§ **AIM OF THE TASK**
What is needed is a faithful copy of all the entries, with no pictures in it.

···

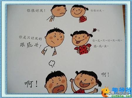 我有一个妹妹,妹妹是个小跟屁虫。我说,“蹦”,跳了起来。妹妹也说,“蹦”,可她根本跳不起来,妹妹是个跟屁虫。我说,“再来一碗。”我把空碗递给妈妈,妹妹也说,“再来一碗。”可她的碗里还是满满的呢,妹妹是个跟屁虫。
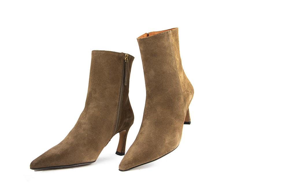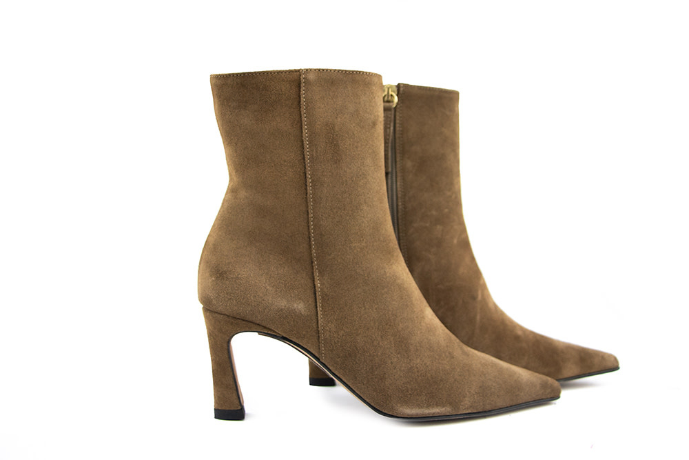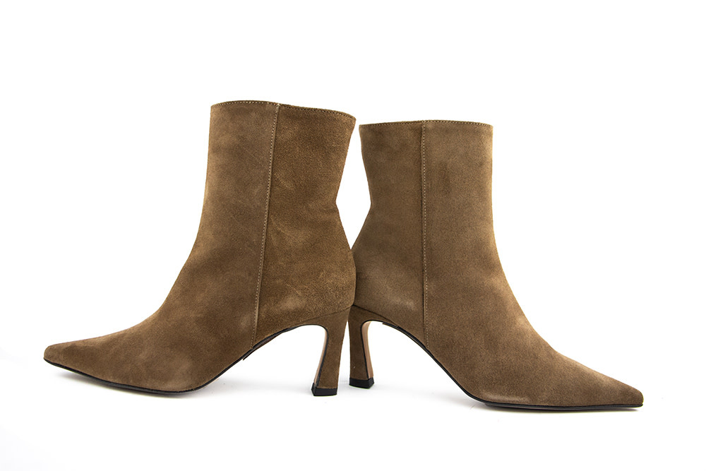 Deze stijlvolle zand/camel kleurige enkellaarsjes van Ángel Alarcón zijn een elegante toevoeging aan je garderobe. De nauwsluitende pasvorm en de smal uitlopende spitse neus geven ze een verfijnde, vrouwelijke uitstraling. De subtiele belijning aan de zijkant en de smalle hak van 7 cm zorgen voor een chique, moderne look die perfect aansluit bij zowel zakelijke als feestelijke outfits.
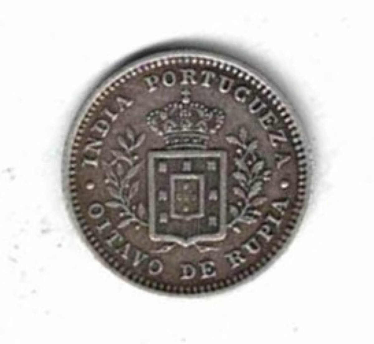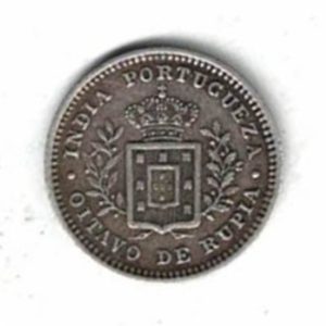 1881 Portuguese India Silver One Eighth Rupia Coin In Near Extremely Fine Condition.
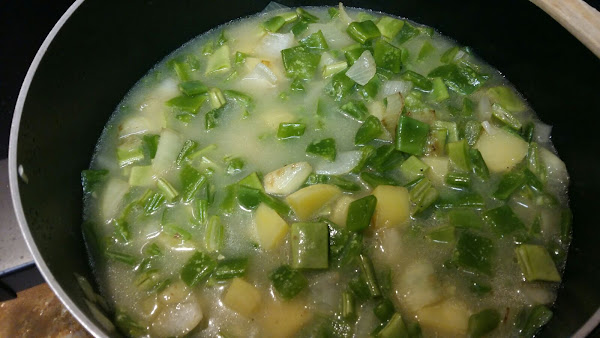 Pasados los 3 minutos añadimos el caldo caliente y hervimos todo 30 minutos.
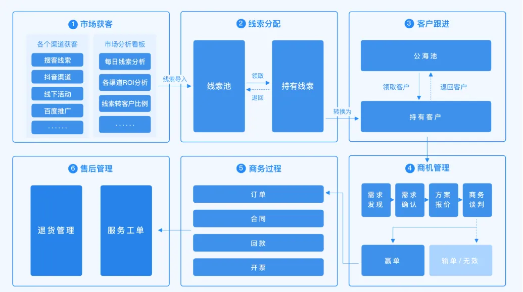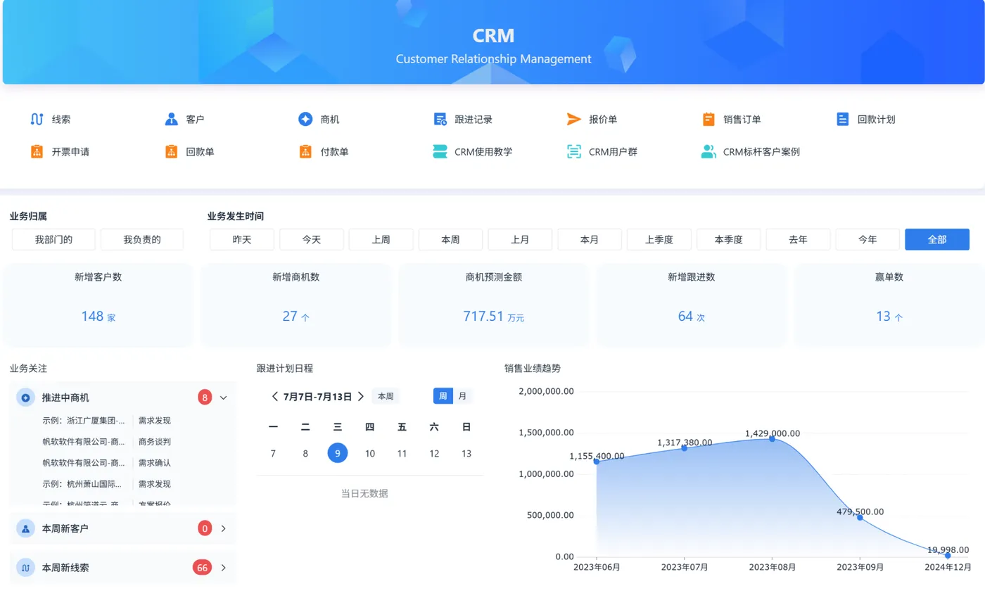- 客户管理、销售跟进、商机管理、报价、合同、回款、客户分析;
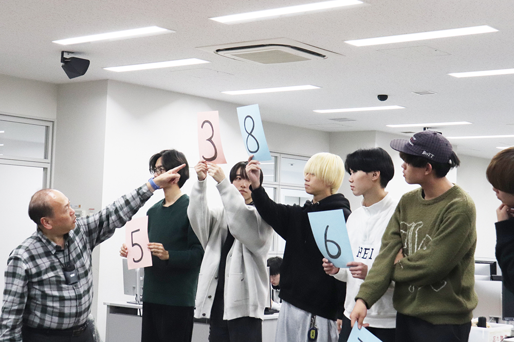 通信工学科1年生が授業で「人間ソート」を体験しました
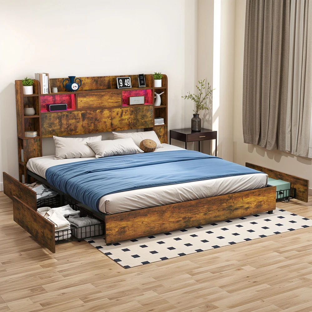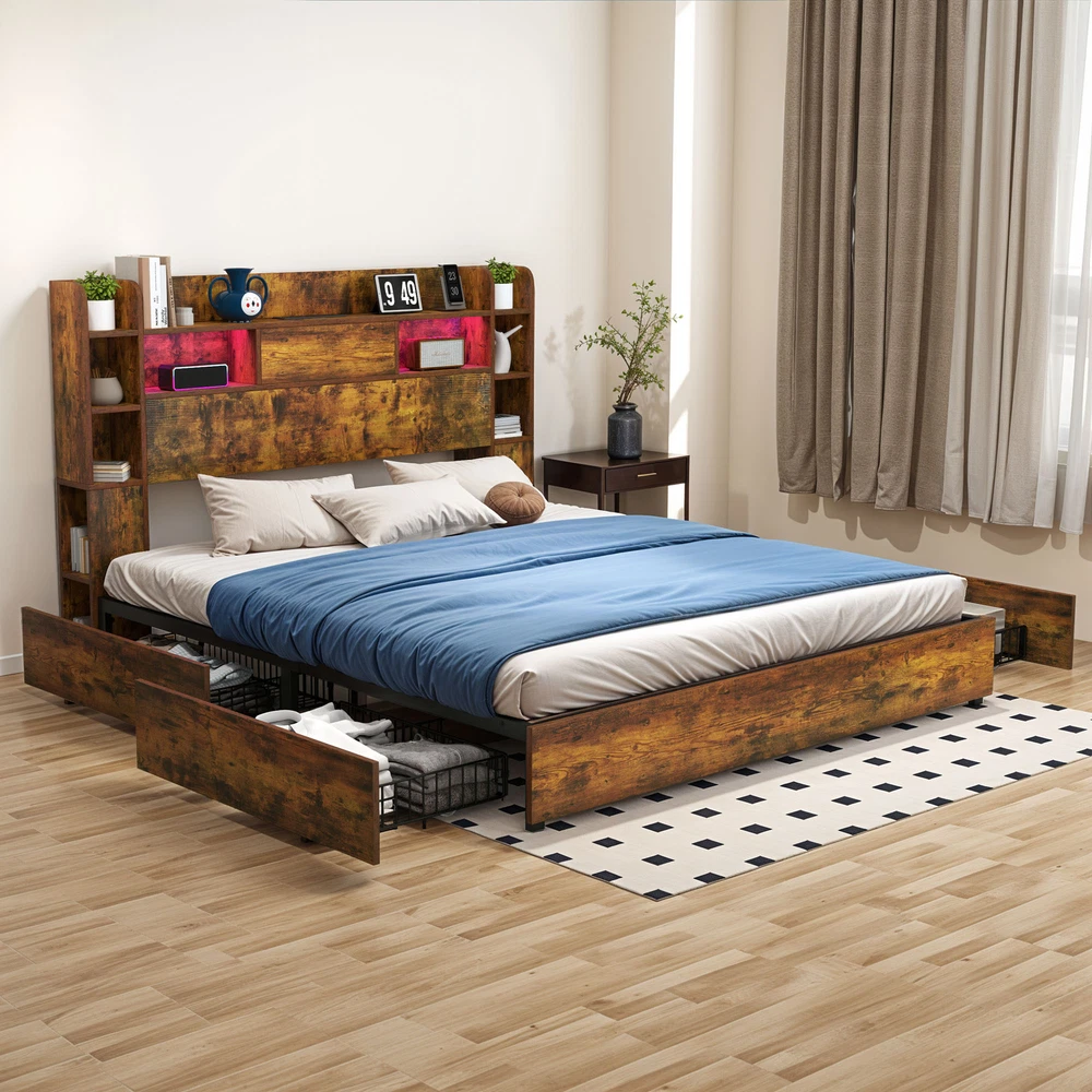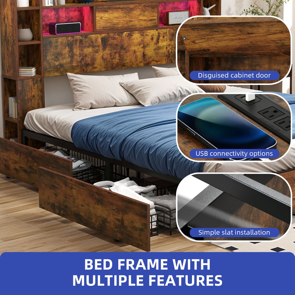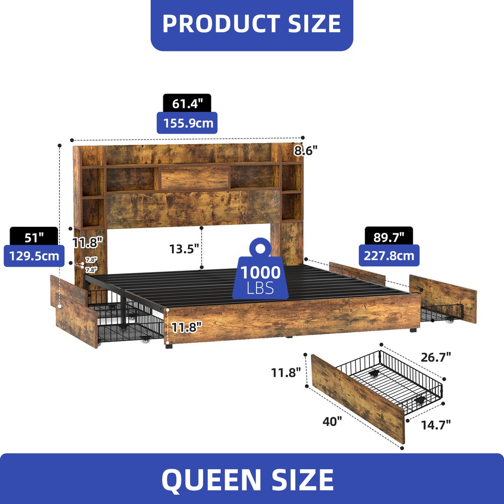Metal Bed Frame 89.7" x 61.4" w/ Headboard Storage & Underbed Hidden 4 Drawers Product Description NOTE: Professional Installation would be Highly Recommended. Description: 1. Material: Metal 2. Color: Burnt Wood 3. Features: 4 Underbed Drawers, Built in Charging Station, Headboard with Storage, USB Port 4. Suitable for: Master Bedroom, Guest Room, Kids Room 5. Warranty: 1 Year 6. Mattress Size: Queen Features: Integrated Storage Headboard: This bed frame features a headboard with multiple shelves, perfect for displaying your favorite books and decor. The clever design helps keep your essentials within arm's reach, enhancing both style and functionality. Advanced Charging Station: With built-in USB and USB-C ports, this frame allows you to conveniently charge your devices. Enjoy the luxury of powering your gadgets directly from your bed, eliminating the need for additional outlets. Spacious Under-Bed Drawers: Four generously sized drawers provide ample storage for clothing, bedding, and more. The easy-glide design ensures smooth operation, helping you maintain a tidy and organized bedroom. Durable Metal Construction: Crafted from high-quality metal with a burnt wood finish, this bed frame offers both strength and elegance. Its robust design ensures long-lasting stability, supporting a restful night's sleep. Versatile Room Suitability: Designed to complement any room, this bed frame is ideal for master bedrooms, guest rooms, and kids' rooms. Its timeless aesthetic and practical features make it a versatile addition to any home. Dimensions: 1. Overall Size: 89.7" x 61.4 x 51" Queen Mattress Package Included: PACKAGE WILL BE SENT THROUGH 2 DIFFERENT SHIPPING 1. Set of Bed Frame (MATTRESS NOT INCLUDED) 2. Assembling Hardware Kits 3. Instruction Manual Book Shipping 1. Normally the item will be dipatched within 1 business day if payment is cleared before 12pm PST. 2. Please verify the correct shipping address in your PayPal account before making the payment. We only dispatch the item to the address that is sent to us at the time of checkout. 3. We don't ship to Hawaii, Alaska, Puerto Rico, APO/FPO/PO Boxes. 4. We don't provide local pick-up service. 5. Normally we will use USPS, UPS, FedEx & LTL to dispatch items. Payment 1. We accept PayPal and credit card. 2. We will ship to the confirmed Paypal shipping address that is provided with the payment only. Return 1. 30 days Money Back Guarantee. 2. Please contact our customer service to receive a RMA form first if want to return the item. 3. All returned items MUST in new condition with the original package. Contact If has any problem, please contact us by sending an ebay message. Our customer service will resolve the problem as soon as possible. On Feb 10, 2025 at 02:34:43 PST, seller added the following information:
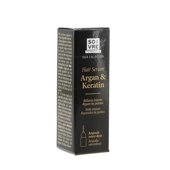 Sérum apresentado em monodoses de ampolas de 4,5 ml deixa o cabelo suave, sem frizz e cheio de brilho. A sua formulação com óleo de argão e queratina ajuda a reparar as pontas danificadas. A sua fórmula garante no cabelo um efeito reparador das pontas e uma hidratação intensiva, para um cabelo forte e cuidado. Não deixa resíduos, sem parabenos nem sulfatos.

···

§ **EXERCISE RESULT**
 我有一个妹妹,妹妹是个小跟屁虫。我说,“蹦”,跳了起来。妹妹也说,“蹦”,可她根本跳不起来,妹妹是个跟屁虫。我说,“再来一碗。”我把空碗递给妈妈,妹妹也说,“再来一碗。”可她的碗里还是满满的呢,妹妹是个跟屁虫。
 Deze stijlvolle zand/camel kleurige enkellaarsjes van Ángel Alarcón zijn een elegante toevoeging aan je garderobe. De nauwsluitende pasvorm en de smal uitlopende spitse neus geven ze een verfijnde, vrouwelijke uitstraling. De subtiele belijning aan de zijkant en de smalle hak van 7 cm zorgen voor een chique, moderne look die perfect aansluit bij zowel zakelijke als feestelijke outfits.
 1881 Portuguese India Silver One Eighth Rupia Coin In Near Extremely Fine Condition.
 Pasados los 3 minutos añadimos el caldo caliente y hervimos todo 30 minutos.
- 客户管理、销售跟进、商机管理、报价、合同、回款、客户分析;
 通信工学科1年生が授業で「人間ソート」を体験しました
Metal Bed Frame 89.7" x 61.4" w/ Headboard Storage & Underbed Hidden 4 Drawers Product Description NOTE: Professional Installation would be Highly Recommended. Description: 1. Material: Metal 2. Color: Burnt Wood 3. Features: 4 Underbed Drawers, Built in Charging Station, Headboard with Storage, USB Port 4. Suitable for: Master Bedroom, Guest Room, Kids Room 5. Warranty: 1 Year 6. Mattress Size: Queen Features: Integrated Storage Headboard: This bed frame features a headboard with multiple shelves, perfect for displaying your favorite books and decor. The clever design helps keep your essentials within arm's reach, enhancing both style and functionality. Advanced Charging Station: With built-in USB and USB-C ports, this frame allows you to conveniently charge your devices. Enjoy the luxury of powering your gadgets directly from your bed, eliminating the need for additional outlets. Spacious Under-Bed Drawers: Four generously sized drawers provide ample storage for clothing, bedding, and more. The easy-glide design ensures smooth operation, helping you maintain a tidy and organized bedroom. Durable Metal Construction: Crafted from high-quality metal with a burnt wood finish, this bed frame offers both strength and elegance. Its robust design ensures long-lasting stability, supporting a restful night's sleep. Versatile Room Suitability: Designed to complement any room, this bed frame is ideal for master bedrooms, guest rooms, and kids' rooms. Its timeless aesthetic and practical features make it a versatile addition to any home. Dimensions: 1. Overall Size: 89.7" x 61.4 x 51" Queen Mattress Package Included: PACKAGE WILL BE SENT THROUGH 2 DIFFERENT SHIPPING 1. Set of Bed Frame (MATTRESS NOT INCLUDED) 2. Assembling Hardware Kits 3. Instruction Manual Book Shipping 1. Normally the item will be dipatched within 1 business day if payment is cleared before 12pm PST. 2. Please verify the correct shipping address in your PayPal account before making the payment. We only dispatch the item to the address that is sent to us at the time of checkout. 3. We don't ship to Hawaii, Alaska, Puerto Rico, APO/FPO/PO Boxes. 4. We don't provide local pick-up service. 5. Normally we will use USPS, UPS, FedEx & LTL to dispatch items. Payment 1. We accept PayPal and credit card. 2. We will ship to the confirmed Paypal shipping address that is provided with the payment only. Return 1. 30 days Money Back Guarantee. 2. Please contact our customer service to receive a RMA form first if want to return the item. 3. All returned items MUST in new condition with the original package. Contact If has any problem, please contact us by sending an ebay message. Our customer service will resolve the problem as soon as possible. On Feb 10, 2025 at 02:34:43 PST, seller added the following information:
 Sérum apresentado em monodoses de ampolas de 4,5 ml deixa o cabelo suave, sem frizz e cheio de brilho. A sua formulação com óleo de argão e queratina ajuda a reparar as pontas danificadas. A sua fórmula garante no cabelo um efeito reparador das pontas e uma hidratação intensiva, para um cabelo forte e cuidado. Não deixa resíduos, sem parabenos nem sulfatos.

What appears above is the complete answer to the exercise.